Верный Альберт, улыбаясь ослепительной улыбкой, открыл дверь.

— Добро пожаловать домой, сэр.

— И я рад, что вернулся… — Томми протянул Альберту чемодан. — А где миссис Бересфорд?

— Еще не возвратилась, сэр.

— Вы хотите сказать — она уезжала?

— Ее нет уже три или четыре дня. Но к обеду она вернется. Она вчера звонила.

— Что это она задумала, Альберт?

— Не скажу, сэр. Она поехала на машине, но прихватила с собой уйму железнодорожных справочников. Она может оказаться, где угодно.

— Право слово, — с чувством сказал Томми. — В Джон-о’Гротсе или в Лендс-Энде…[10] и, возможно, на обратном пути опоздала на пересадку где-нибудь посреди страны. Боже, благослови британские железные дороги! Вы говорите, она вчера звонила? Она не сказала, откуда звонит?

— Нет, не сказала.

— В какое именно время вчера?

— Вчера утром. Перед ланчем. Сказала только, что все в порядке. В какое именно время попадет домой, она не знала, но полагала, что к обеду уж точно, и попросила приготовить цыпленка. Вас это устроит, сэр?

— Да, — сказал Томми, бросив взгляд на часы. — Но теперь она вот-вот должна появиться.

— Я придержу цыпленка, — сказал Альберт. Томми усмехнулся.

— Совершенно верно. Ухватите его за хвост. А как у вас дела? Дома все здоровы?

— Мы боялись, что корь… но оказалось, все в порядке. Доктор говорит, это всего лишь сыпь.

— Хорошо, — сказал Томми.

Он поднялся наверх, что-то насвистывая себе под нос. Прошел в ванную, побрился, умылся, оттуда прошагал в спальню и огляделся. У комнаты был тот странный потерянный вид, какой напускают на себя некоторые спальни, когда нет хозяина. Сама атмосфера казалась холодной и недружелюбной. Все было до скрупулезности вычищено. Томми испытал чувство тоски, которое, вероятно, испытывает преданный пес. Глядя вокруг себя, он подумал, что у спальни такой вид, как будто Таппенс там сроду не бывала. Ни просыпанной пудры, ни брошенной на пол книги с развернутой обложкой…

— Сэр.

В дверях стоял Альберт.

— Да?

— Я переживаю за цыпленка.

— Да черт с ним, с цыпленком, — ответил Томми. — Вы, похоже, только и думаете, что о цыпленке.
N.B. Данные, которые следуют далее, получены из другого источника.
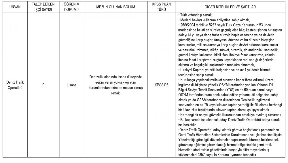 Kıyı Emniyeti Genel Müdürlüğü'nün denizcilik alanında lisans düzeyinde eğitim veren yüksek öğretim kurumlarından birinden mezun olmuş 9 işçi alacağı açıklandı.
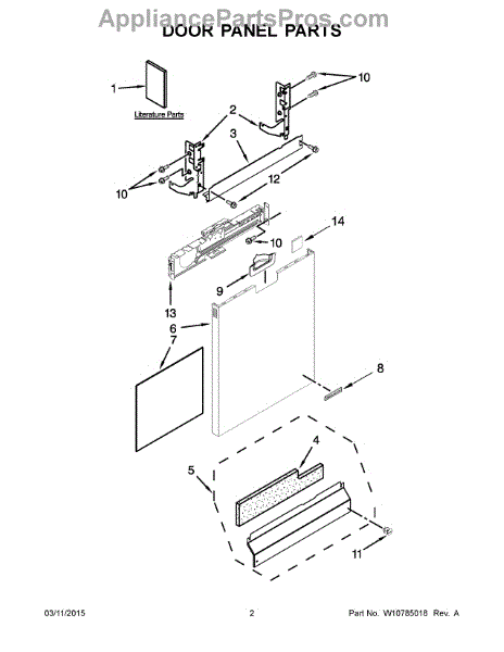 The Panel (BLK) is an OEM part for Whirlpool dishwashers. This black exterior panel is designed to provide a sleek and durable front surface for the dishwasher, enhancing its appearance and protecting internal components.
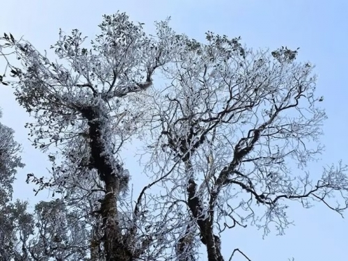Từ tháng 12 đến tháng 2, nhiệt độ ở các đỉnh núi cao có thể xuống dưới 0°C, biến Tà Xùa thành khung cảnh trắng xóa mê hoặc. Đứng trên các đỉnh núi, du khách vừa săn mây, vừa thưởng thức cảnh băng giá tinh khôi – một trải nghiệm vừa hiếm có, vừa độc đáo giữa núi rừng Tây Bắc. Ảnh Giàng Hạnh Phúc |
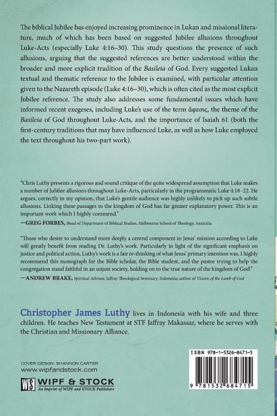 The biblical Jubilee has enjoyed increasing prominence in Lukan and missional literature, much of which has been based on suggested Jubilee allusions throughout Luke-Acts (especially Luke 4:16-30). This study questions the presence of such allusions, arguing that the suggested references are better understood within the broader and more explicit tradition of the Basileia of God. Every suggested Lukan textual and thematic reference to the Jubilee is examined, with particular attention given to the Nazareth episode (Luke 4:16-30), which is often cited as the most explicit Jubilee reference. The study also addresses some fundamental issues which have informed recent exegeses, including Luke's use of the term ¿¿¿¿¿¿, the theme of the Basileia of God throughout Luke-Acts, and the importance of Isaiah 61 (both the first-century traditions that may have influenced Luke, as well as how Luke employed the text throughout his two-part work).
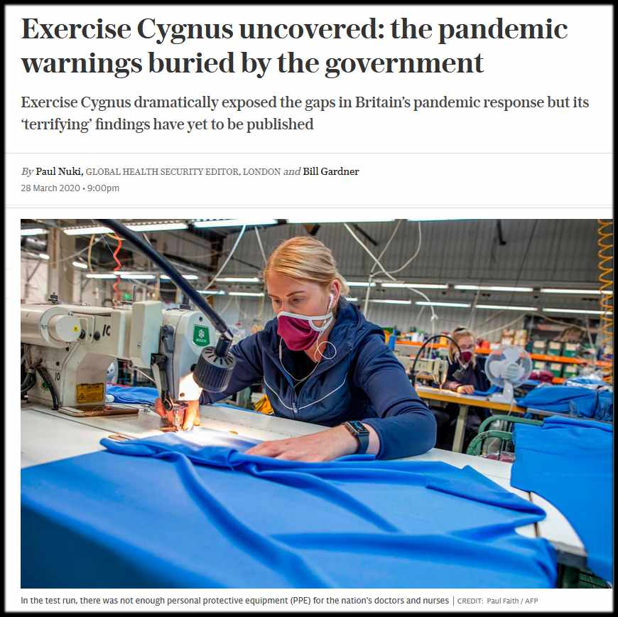 This attitude to workers’ safety is as unacceptable as it is predictable. The government has miserably failed in its duty to ensure that there were adequate stocks of PPE and ventilaors in reserve in case of a pandemic. It was not as if they didn’t know. In 2016 there was a mock exercise Cygnus in case there was a pandemic. The shortages were noted then and recommendations made. What happened? The Report was buried. Austerity trumped safety concerns with the results all around us.
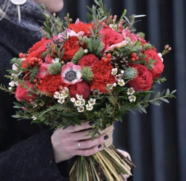 Анемон, гвоздика, троянда піоновидна, хаммелациум, нобелес, ілекс, сезонна зелень.
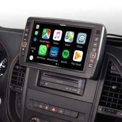 Alpine introduces the 3rd generation Alpine Style navigation system for Mercedes Vito (447). The X903D-V447 features a huge 9-inch touch-screen that is installed off-set from the dashboard to be perfectly reachable from the driver’s seat. This makes it very easy to see and control navigation maps and other functions.
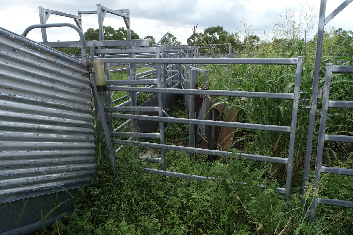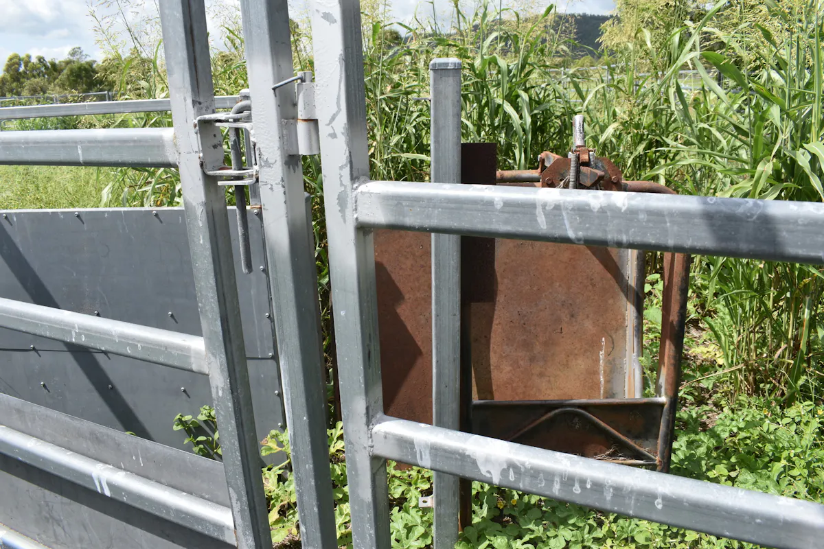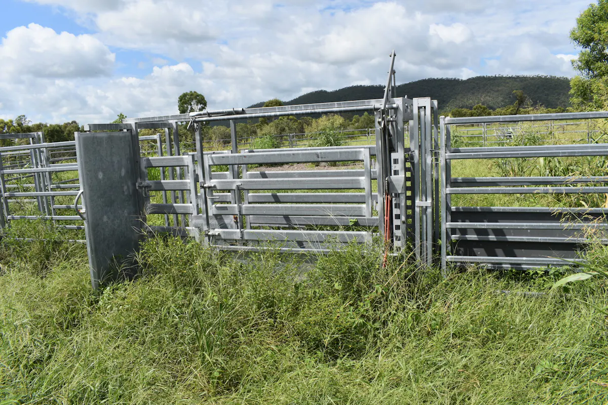 Portable panel yards with head bale and calf race.
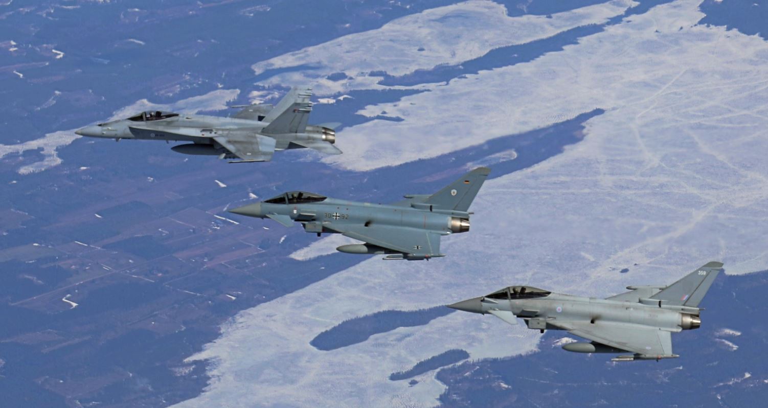 Suomen ilmatilassa lennettiin keskiviikkona kaksi yhteistoimintakierrosta, joihin osallistui Karjalan lennoston Suomen Hornetien lisäksi Saksan ja Britannian Eurofighter Typhoon -hävittäjiä Ämarin tukikohdasta Virosta.
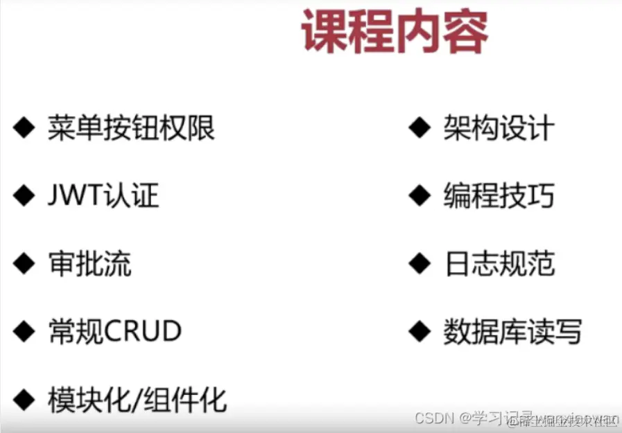 菜单按钮权限,JWT认证,审批流,常规的CRUD,模块化,组件化
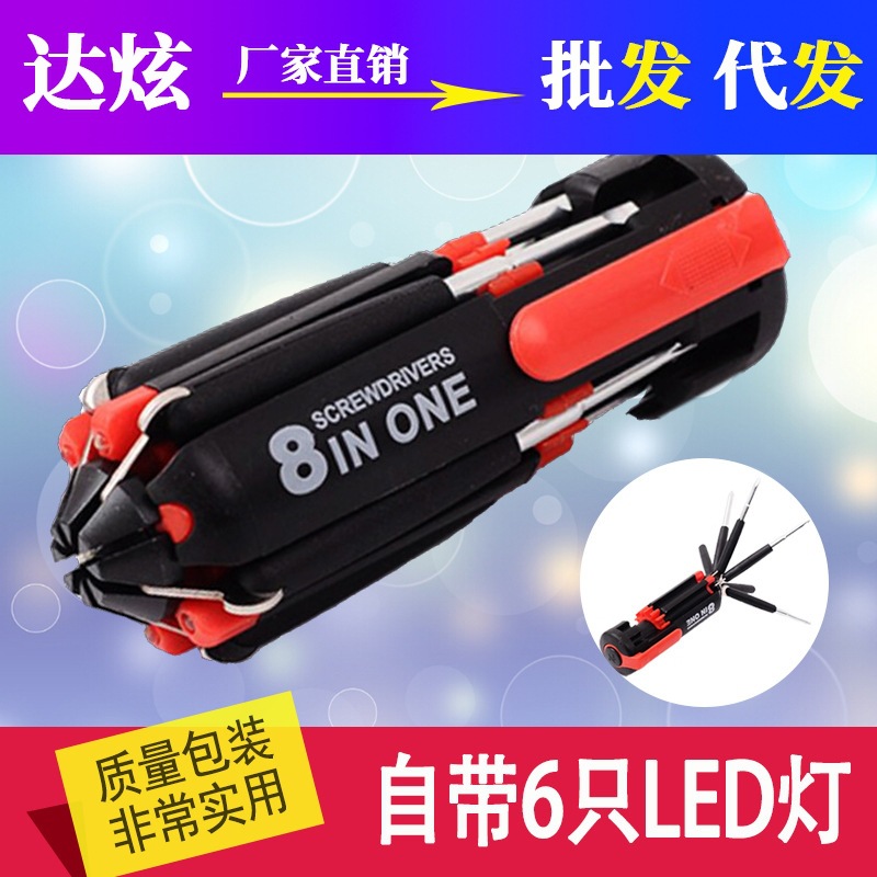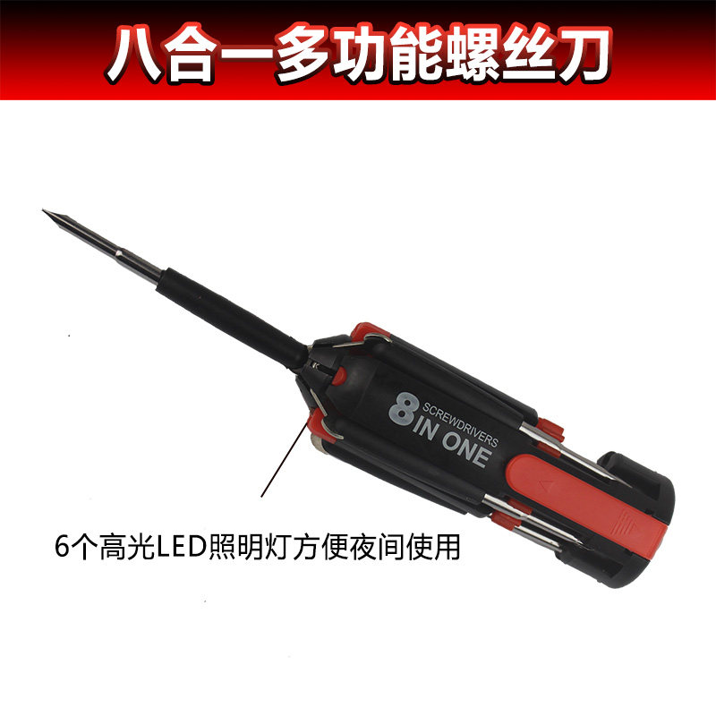 概要: 五金工具 八合一多功能十字螺丝刀 一字套装组合 带LED灯 汽车用,量大从优,欢迎各地经销商前来采购。
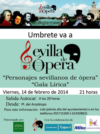 El Ayuntamiento de Umbrete, en colaboración con la colaboración de la Diputación de Sevilla y de la Fundación Cajasol pone en marcha una iniciativa que permitirá acercar la ópera a los vecinos y vecinas de Umbrete. Para el próximo 14 de febrero está previsto un viaje a Sevilla, para acudir a la representación de la ópera 'Personajes sevillanos de ópera. Gala lírica'. El viaje tiene un coste de tan solo 5 euros y se realizará el viernes 14 de febrero, partiendo el autobús desde la Plaza del Arzobispo a las 20:00.
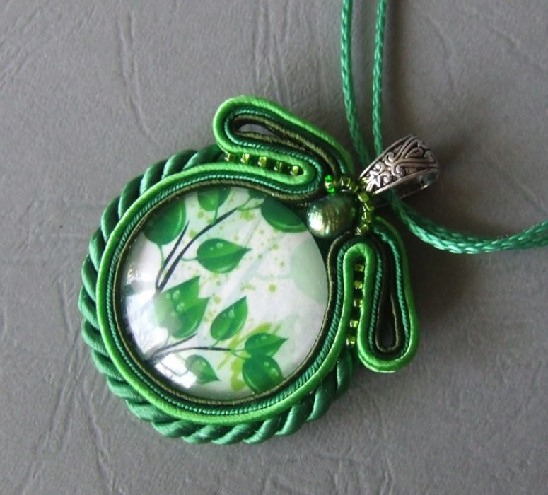 Duży, autorski wisior ze szklanym kaboszonem, naturalną perłą i małymi koralikami. Gratis dodaję sznureczek zielony do powieszenia. Pakuję w pudełeczko jubilerskie. Polecam!
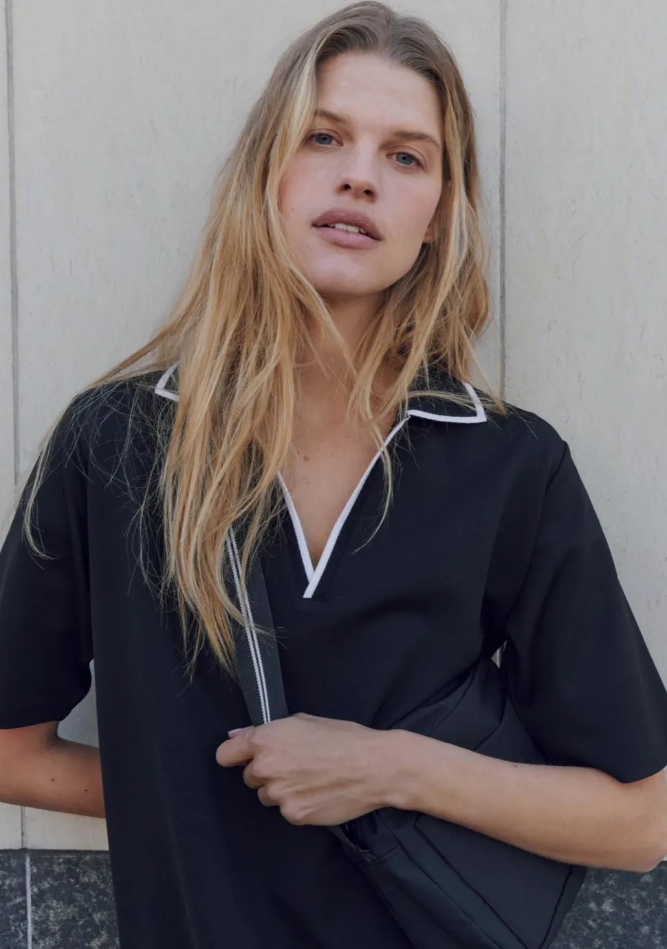 – Het model is 1.75m lang en draagt maat 36
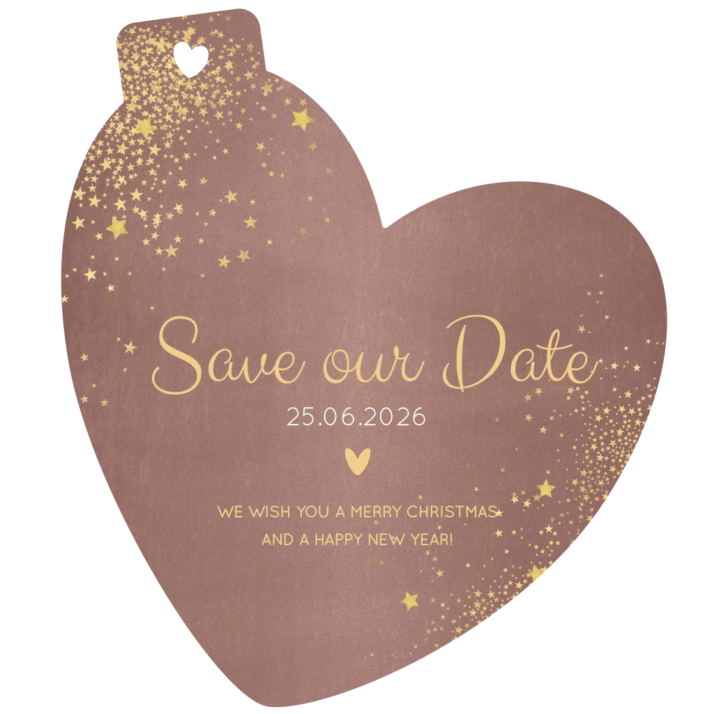 Pas deze bijzondere save the date kerstkaart naar wens aan en breng jullie familie en vrienden op de hoogte van jullie trouwdatum gecombineerd met een lieve kerstwens.
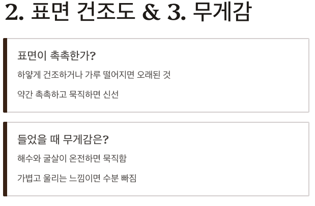 석화는 외부 수분이 어느 정도 유지된 상태가 가장 이상적입니다. 껍데기 표면이 너무 하얗게 건조하거나 분가루처럼 가루가 많이 떨어진다면 오랜 시간 유통되었을 가능성이 높습니다. 반대로 표면이 약간 촉촉하고 무게가 묵직하게 느껴지는 석화는 수분을 잘 유지하고 있어 내부 굴살도 탄력 있게 보존된 상태일 확률이 높습니다. 굴은 건조해질수록 살이 수축돼 맛과 식감이 급격히 떨어지니 이 부분을 꼭 확인하는 것이 좋습니다.
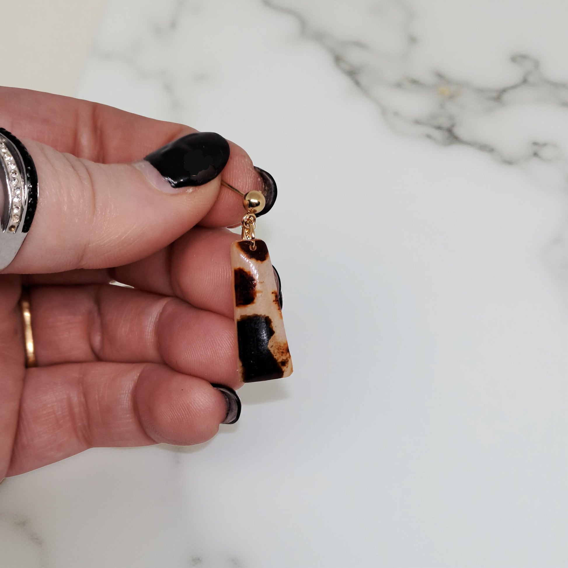 Des nuances naturelles qui dansent avec élégance… Les boucles d’oreilles Alba – Écaille douce marient le design graphique du trapèze à la douceur organique des tons ivoire, brun et noir. Chaque pendentif est façonné à la main, offrant un éclat subtil et unique pour un look raffiné et lumineux. Chaque paire est unique, les motifs varient d’une création à l’autre.
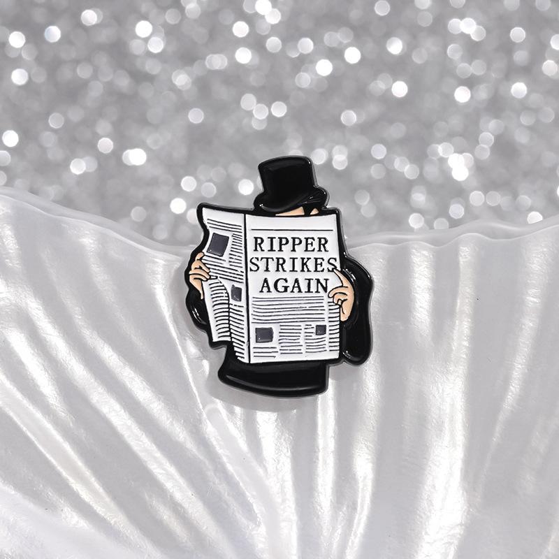 Hombres asesinos que leen periódicos en torno a obras de cine y televisión europeas y americanas Modelado de personajes Personalidad Moda Ropa Decoraciones Broche

— Но я рассчитывал, что вы с госпожой будете не позже восьми. Я имею в виду — садиться за стол не позже восьми.

— Да уж наверное, — сказал Томми, бросая взгляд на наручные часы. — Боже милостивый, уже почти без двадцати пяти девять?

— Да, сэр. А цыпленок…

— А, ладно, вытаскивайте цыпленка из духовки, и мы его с вами съедим. Так Таппенс и надо. Вернется к обеду, право!

— Некоторые люди действительно поздно обедают, — заметил Альберт. — Однажды я ездил в Испанию, и, верите ли, раньше десяти часов невозможно было поесть. Десять часов вечера! Нет, что вы на это скажете? Варвары!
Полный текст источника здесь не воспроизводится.